Law firms have been using premise-based legal software for many years now. Then, about a decade ago, along came the much more convenient, affordable, and flexible cloud-based legal software tools. In the early years, lawyers weren’t sure whether it was ethically permissible for them to use cloud computing tools, but over time, it’s become quite clear that cloud-based legal software is a viable, secure option for law firms of all sizes.
Some of the first jurisdictions weighed in on the ethics of cloud computing use by lawyers nearly 10 years ago. Since then, more than 20 other states have concluded that cloud-based legal software, such as legal practice management software, is permissible for lawyers to use in their practices. The most recent state to weigh in on this issue was Texas.
In September 2018, in Opinion 680, the Professional Ethics Committee for the State Bar of Texas considered whether Texas lawyers may “use cloud-based client data storage systems or use cloud-based software systems for the creation of client-specific documents where confidential client information is stored or submitted to a cloud-based system.”
At the start of the opinion, the Committee provided an overview of cloud computing use by lawyers, and concluded that over the years, its use has become commonplace: “Cloud-based electronic storage and software systems are in wide use among the general public and lawyers.”
Next, the Committee explained that online communication and data storage systems are no different than any other type of offline systems used for communication or document storage. That’s why the Committee aptly concluded that no matter what tools law firms use—there’s no such thing as absolute security, regardless of where your law firm’s information is stored. Instead, the reasonable security standard applies:
“While wide usage of an information storage method or software document creation system is not, in itself, justification for its use by lawyers, alternative methods of information storage and document preparation also have an inherent risk of disclosure or misuse—just as a privileged letter to a client through the U.S. Postal Service (versus transmission through email) can be intercepted or accessed by third parties and a client’s file in a lawyer’s office may be susceptible to access or disclosure by unauthorized parties without the lawyer ‘knowingly’ revealing that information.”
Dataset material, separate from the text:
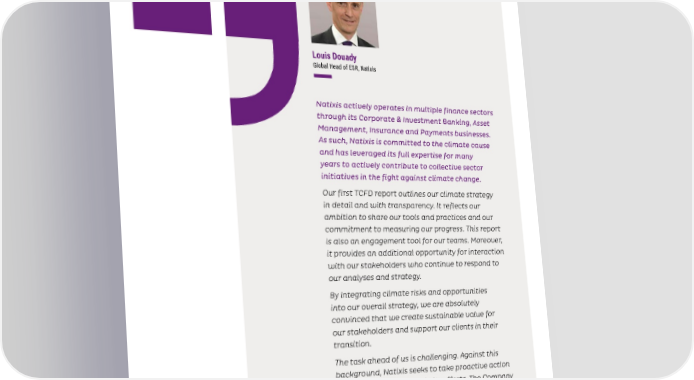 Louis Douady Global Head of ESR, Natixis Natixis actively operates in multiple finance sectors through its Corporate & Investment Banking, Asset Management, Insurance and Payments businesses. As such, Natixis is committed to the climate cause and has leveraged its full expertise for many years to actively contribute to collective sector initiatives in the fight against climate change. Our first TCFD report outlines our climate strategy in detail and with transparency. It reflects our ambition to share our tools and practices and our commitment to measuring our progress. This report is also an engagement tool for our teams. Moreover, it provides an additional opportunity for interaction with our stakeholders who continue to respond to our analyses and strategy. By integrating climate risks and opportunities into our overall strategy, we are absolutely convinced that we create sustainable value for our stakeholders and support our clients in their transition. The task ahead of us is challenging. Against this background, Natixis seeks to take proactive action while remaining humble in its efforts. The Company recognizes the necessity of regular and in-depth reviews in an endeavor to improve its individual performance and collectively contribute to meeting this large-scale challenge, both for our generation and generations to come.

The Committee addressed the reasonable security standard, explaining that whenever a third party handles your law firm’s confidential client data—whether it’s an offline provider like a process server or an online provider such as a cloud-based legal software platform—lawyers have an ethical obligation to thoroughly vet the third-party vendor. Certainly, the questions asked will vary depending on the services that the third party provider offers, but the general thrust of the questions remains the same. Ultimately, lawyers have an obligation to understand who has access to your firm’s data, how it will be handled, and what steps will be taken to prevent its access by unauthorized third parties.
When it comes to digital law firm data, the Committee highlighted some of the “reasonable precautions” that lawyers must take when vetting a cloud computing provider. Issues to cover include:
- Acquiring a general understanding of how cloud technology works
- Reviewing the “terms of service” to which the lawyer submits when using a specific cloud-based provider just as the lawyer should do when choosing and supervising other types of service providers
- Learning what protections already exist within the technology for data security
- Determining whether additional steps, including but not limited to the encryption of client confidential information, should be taken before submitting that client information to a cloud-based system
- Remaining alert as to whether a particular cloud-based provider is known to be deficient in its data security measures or is or has been unusually vulnerable to “hacking” of the stored information
- Training for lawyers and staff regarding appropriate protections and considerations
The Committee acknowledged that the benefits of cloud computing were many and that as long as lawyers sufficiently vet third party cloud-based software providers, the use of cloud-based legal software by lawyers does not violate ethical regulations: “Considering the present state of technology, its common usage to store confidential information, and the potential cost and time savings for clients, a lawyer may use cloud-based electronic data systems and document preparation software for client confidential information.”
With this opinion, Texas joins the ranks of many other jurisdictions and green lights the use of cloud-based legal software by Texas lawyers.